Suppose $S = \{ (p, q) \in P \times P \mid \text{p is an ancestor of q}\}$. What is $S \circ S^{-1}$?
To achieve the desired result, I would start by identifying what $S^{-1}$ (the inverse of $S$) is in a set notation:
$$S^{-1} = \{ (q, p) \in P \times P \mid \text{q is an ancestor of p}\}$$
We know that composition starts from the right side, in this case from $S^{-1}$ to $S$: we take the first element of each pair of the relation $S^{-1}$ and put it together with the second element of $S$, so the pairs would be from $(q, q)$, which does not make much sense, in my opinion, because it would mean:
$$S \circ S^{-1} = \{ (q, q) \in P \times P \mid \text{q is an ancestor of q} \}$$
which does not make so much sense.
Is this solution correct?
I have also a solution from some my classmates, and it's different from mine:
$$S \circ S^{−1} = \{ (p,n) \in P\times P \mid (\exists q \in P) pS^{−1}q \land qSn \}$$
$$S \circ S^{−1} = \{ (p,n) \in P\times P \mid \text{p and n have a common ancestor} \}$$
Their set notation is more complicate, but at the end it seems it makes more sense. Is this correct?
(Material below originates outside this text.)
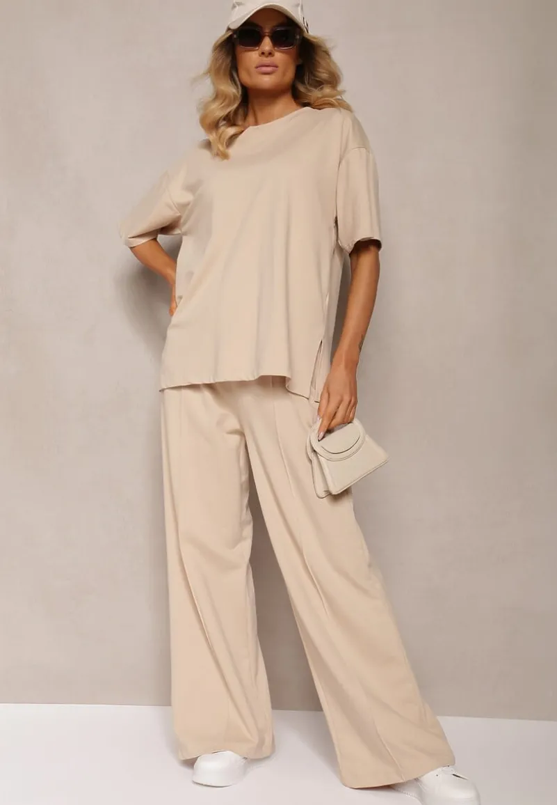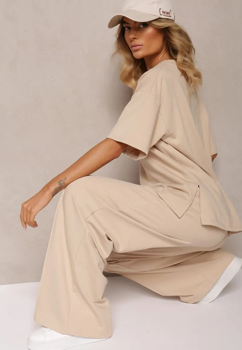 Stwórz swoje niepowtarzalne kompozycje z Kompletem Vimarases, idealnym zarówno na co dzień, jak i na specjalne okazje. Jego luźny krój zapewnia swobodę ruchów, a bawełniana tkanina dostosowuje się do kształtu ciała. Komplet składa się z bluzki z oryginalnymi rozcięciami, które subtelnie przełamują prostotę fasonu, oraz szerokich spodni na gumce, które są synonimem casualowego szyk. Możesz je zestawiać z mokasynami i shopper bag na luźniejsze wyjścia, albo z eleganckimi szpilkami i kopertówką podczas wieczornych eventów.

Relation composition is defined so that
$$a\,(S\circ R)\,b\iff\exists c:(a\,R\,c\wedge c\,S\,b).$$
And converse is defined so that $a\,R^{-1}\,b\iff b\,R\,a$. Applying this to your example, we have:
$$p\,S\circ S^{-1}\,q\iff\exists n:(p\,S^{-1}\,n\wedge n\,S\,q)\iff\exists n:(n\,S\,p\wedge n\,S\,q).$$
Applying the interpretation that $p\,S\,q$ means that $p$ is an ancestor of $q$, we read this as "$p\,S\circ S^{-1}\,q\iff$ there is an $n$ such that $n$ is an ancestor of $p$ and $n$ is an ancestor of $q$", or more briefly as "$p$ and $q$ have a common ancestor". Thus your friend's solution is correct.